What is needed is an exact repetition of the lines below, from the first one through the one holding "怎么了吉他谱 - 周兴哲 - G调吉他弹唱谱 - 原版", with no pictures and nothing else.

Data extracts section start

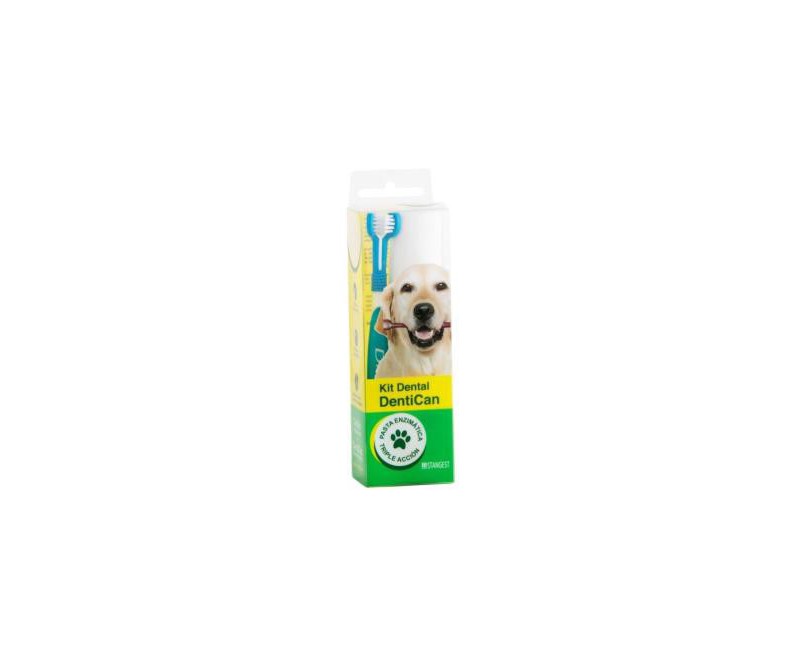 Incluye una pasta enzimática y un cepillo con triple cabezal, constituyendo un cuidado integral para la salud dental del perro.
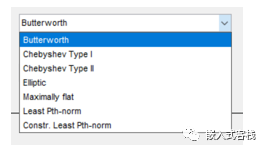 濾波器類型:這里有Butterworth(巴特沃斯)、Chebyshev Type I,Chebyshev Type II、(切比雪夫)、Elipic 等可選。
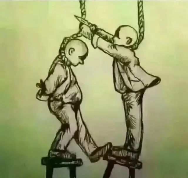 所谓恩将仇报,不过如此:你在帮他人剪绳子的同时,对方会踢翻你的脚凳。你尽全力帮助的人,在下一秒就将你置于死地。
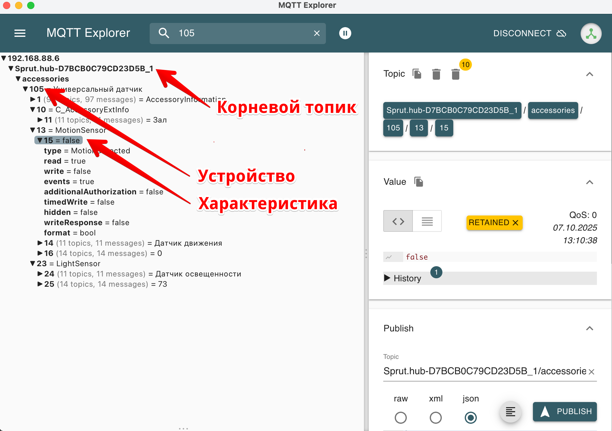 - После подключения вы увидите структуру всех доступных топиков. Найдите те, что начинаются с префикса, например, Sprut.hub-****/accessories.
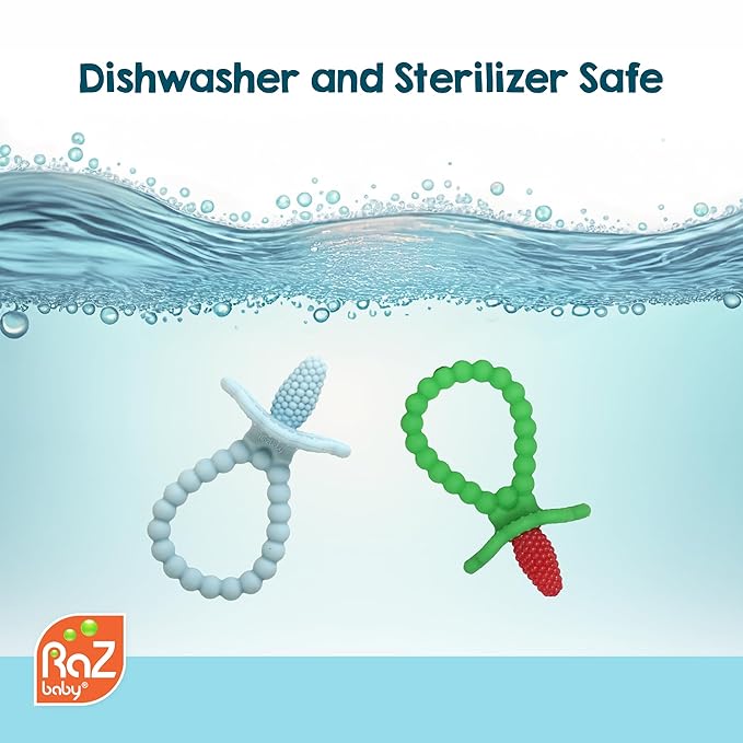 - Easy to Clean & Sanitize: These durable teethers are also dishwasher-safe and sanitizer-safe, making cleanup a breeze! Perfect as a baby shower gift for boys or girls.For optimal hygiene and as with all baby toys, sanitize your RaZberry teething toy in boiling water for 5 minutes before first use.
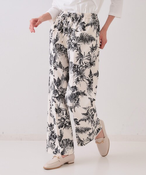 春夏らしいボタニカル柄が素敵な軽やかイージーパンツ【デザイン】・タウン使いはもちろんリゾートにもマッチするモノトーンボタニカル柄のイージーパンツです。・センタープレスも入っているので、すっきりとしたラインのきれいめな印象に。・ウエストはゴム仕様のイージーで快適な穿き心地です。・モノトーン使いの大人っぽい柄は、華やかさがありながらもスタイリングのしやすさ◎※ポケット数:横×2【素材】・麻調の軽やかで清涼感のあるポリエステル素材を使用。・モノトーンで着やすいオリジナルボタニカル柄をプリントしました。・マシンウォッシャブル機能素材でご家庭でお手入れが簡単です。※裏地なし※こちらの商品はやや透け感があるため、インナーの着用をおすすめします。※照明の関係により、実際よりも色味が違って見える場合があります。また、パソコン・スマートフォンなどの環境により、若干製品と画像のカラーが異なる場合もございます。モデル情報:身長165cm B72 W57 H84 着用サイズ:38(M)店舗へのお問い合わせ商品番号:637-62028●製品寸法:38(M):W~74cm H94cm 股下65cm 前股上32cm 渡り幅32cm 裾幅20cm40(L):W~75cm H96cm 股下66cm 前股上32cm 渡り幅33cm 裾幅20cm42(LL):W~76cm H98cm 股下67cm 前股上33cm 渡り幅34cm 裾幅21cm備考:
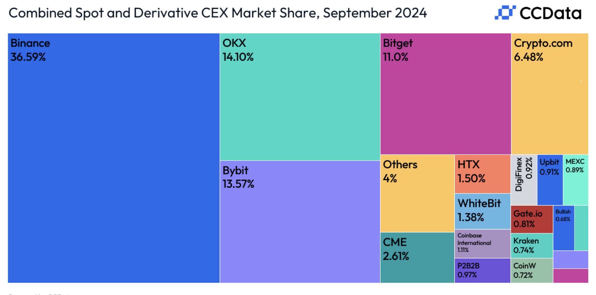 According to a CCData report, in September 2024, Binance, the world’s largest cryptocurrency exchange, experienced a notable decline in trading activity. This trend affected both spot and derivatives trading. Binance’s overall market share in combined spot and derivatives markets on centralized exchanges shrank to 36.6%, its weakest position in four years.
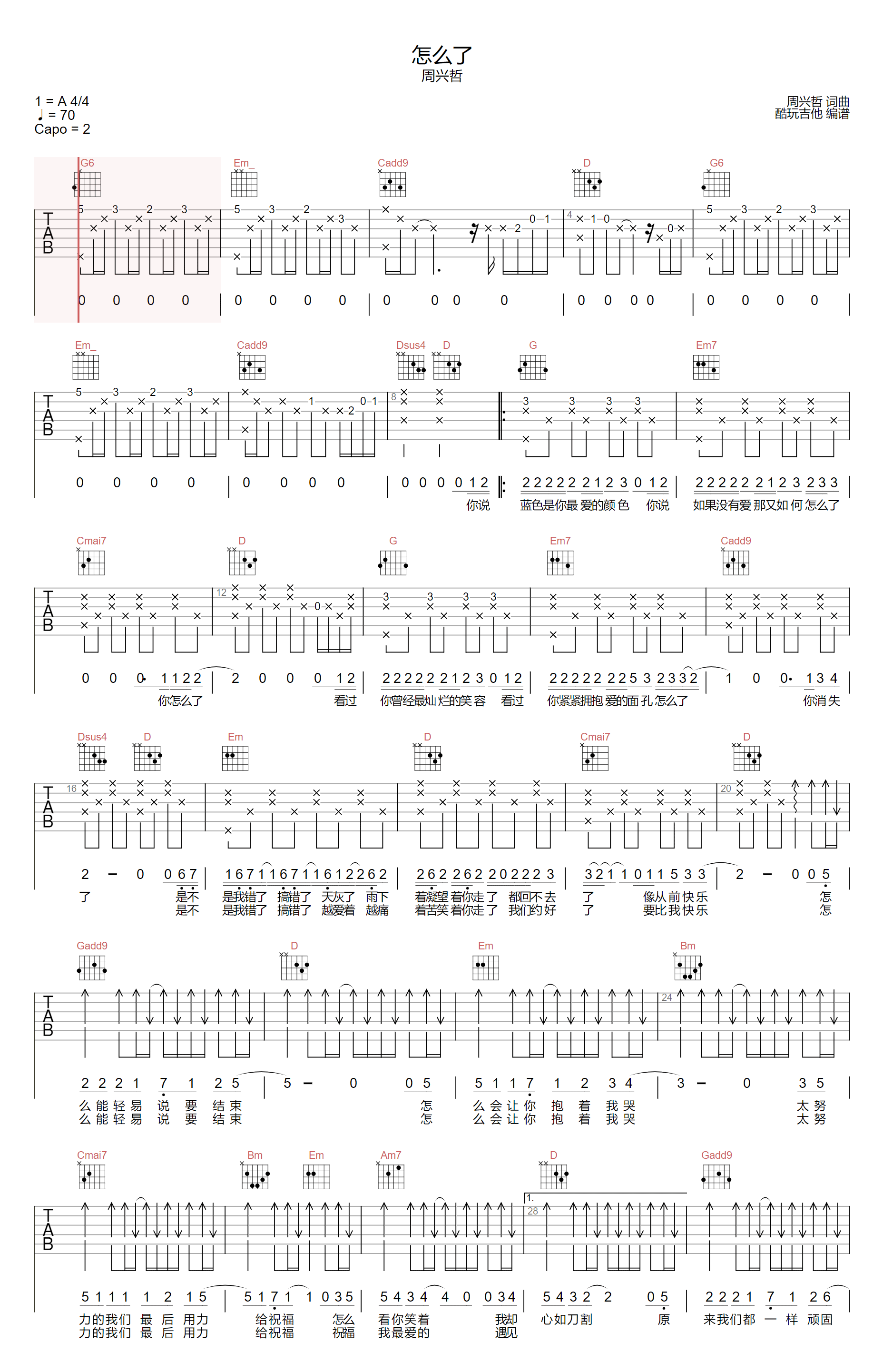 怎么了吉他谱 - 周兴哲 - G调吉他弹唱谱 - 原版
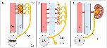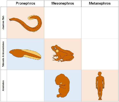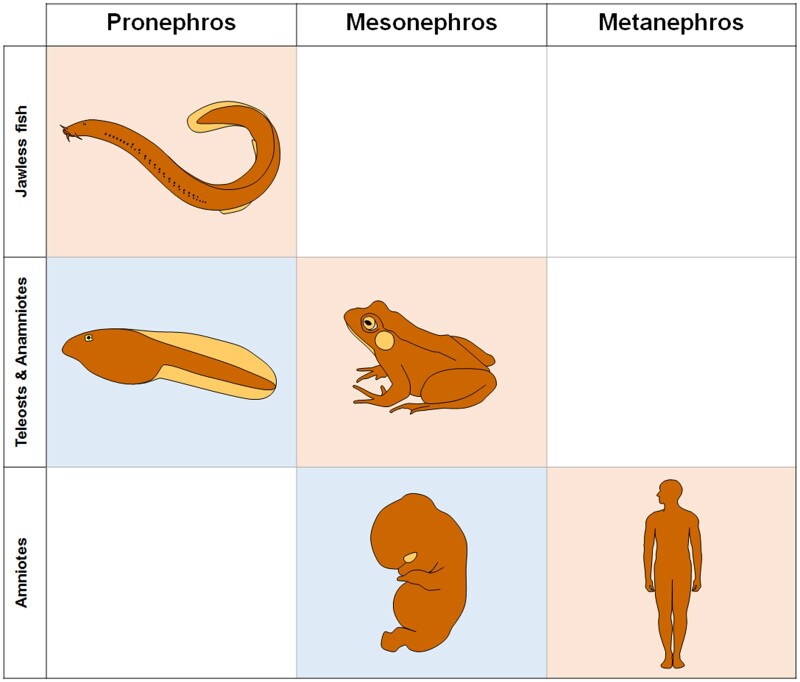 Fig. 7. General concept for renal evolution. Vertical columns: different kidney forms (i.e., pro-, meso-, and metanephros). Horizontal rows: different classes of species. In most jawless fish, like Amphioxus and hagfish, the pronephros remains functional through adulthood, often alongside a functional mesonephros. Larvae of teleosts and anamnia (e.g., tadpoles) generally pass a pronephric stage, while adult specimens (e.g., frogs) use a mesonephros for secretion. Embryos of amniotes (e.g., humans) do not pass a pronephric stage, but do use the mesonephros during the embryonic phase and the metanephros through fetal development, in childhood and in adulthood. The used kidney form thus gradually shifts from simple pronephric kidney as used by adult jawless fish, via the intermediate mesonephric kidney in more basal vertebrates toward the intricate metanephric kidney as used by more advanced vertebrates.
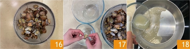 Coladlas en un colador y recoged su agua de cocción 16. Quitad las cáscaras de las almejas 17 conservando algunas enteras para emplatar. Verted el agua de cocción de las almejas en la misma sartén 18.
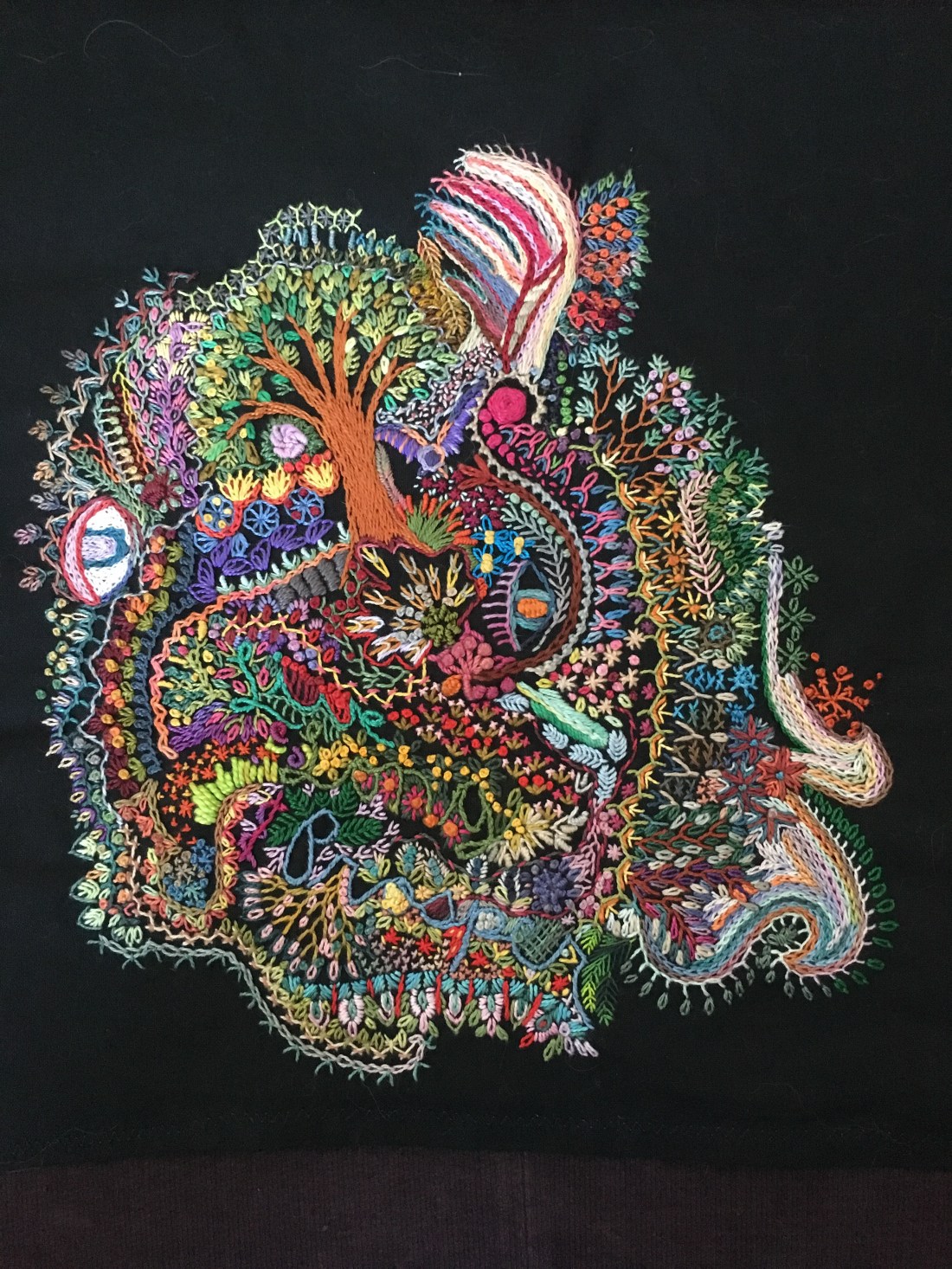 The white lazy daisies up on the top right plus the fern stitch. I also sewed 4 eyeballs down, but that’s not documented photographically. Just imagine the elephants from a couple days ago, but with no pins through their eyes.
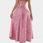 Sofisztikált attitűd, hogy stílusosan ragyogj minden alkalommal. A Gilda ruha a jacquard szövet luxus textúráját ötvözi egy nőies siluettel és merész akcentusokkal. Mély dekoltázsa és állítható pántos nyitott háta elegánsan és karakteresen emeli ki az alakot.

Data extracts section end

* _Output of the exercise_:
 Incluye una pasta enzimática y un cepillo con triple cabezal, constituyendo un cuidado integral para la salud dental del perro.
 濾波器類型:這里有Butterworth(巴特沃斯)、Chebyshev Type I,Chebyshev Type II、(切比雪夫)、Elipic 等可選。
 所谓恩将仇报,不过如此:你在帮他人剪绳子的同时,对方会踢翻你的脚凳。你尽全力帮助的人,在下一秒就将你置于死地。
 - После подключения вы увидите структуру всех доступных топиков. Найдите те, что начинаются с префикса, например, Sprut.hub-****/accessories.
 - Easy to Clean & Sanitize: These durable teethers are also dishwasher-safe and sanitizer-safe, making cleanup a breeze! Perfect as a baby shower gift for boys or girls.For optimal hygiene and as with all baby toys, sanitize your RaZberry teething toy in boiling water for 5 minutes before first use.
 春夏らしいボタニカル柄が素敵な軽やかイージーパンツ【デザイン】・タウン使いはもちろんリゾートにもマッチするモノトーンボタニカル柄のイージーパンツです。・センタープレスも入っているので、すっきりとしたラインのきれいめな印象に。・ウエストはゴム仕様のイージーで快適な穿き心地です。・モノトーン使いの大人っぽい柄は、華やかさがありながらもスタイリングのしやすさ◎※ポケット数:横×2【素材】・麻調の軽やかで清涼感のあるポリエステル素材を使用。・モノトーンで着やすいオリジナルボタニカル柄をプリントしました。・マシンウォッシャブル機能素材でご家庭でお手入れが簡単です。※裏地なし※こちらの商品はやや透け感があるため、インナーの着用をおすすめします。※照明の関係により、実際よりも色味が違って見える場合があります。また、パソコン・スマートフォンなどの環境により、若干製品と画像のカラーが異なる場合もございます。モデル情報:身長165cm B72 W57 H84 着用サイズ:38(M)店舗へのお問い合わせ商品番号:637-62028●製品寸法:38(M):W~74cm H94cm 股下65cm 前股上32cm 渡り幅32cm 裾幅20cm40(L):W~75cm H96cm 股下66cm 前股上32cm 渡り幅33cm 裾幅20cm42(LL):W~76cm H98cm 股下67cm 前股上33cm 渡り幅34cm 裾幅21cm備考:
 According to a CCData report, in September 2024, Binance, the world’s largest cryptocurrency exchange, experienced a notable decline in trading activity. This trend affected both spot and derivatives trading. Binance’s overall market share in combined spot and derivatives markets on centralized exchanges shrank to 36.6%, its weakest position in four years.
 怎么了吉他谱 - 周兴哲 - G调吉他弹唱谱 - 原版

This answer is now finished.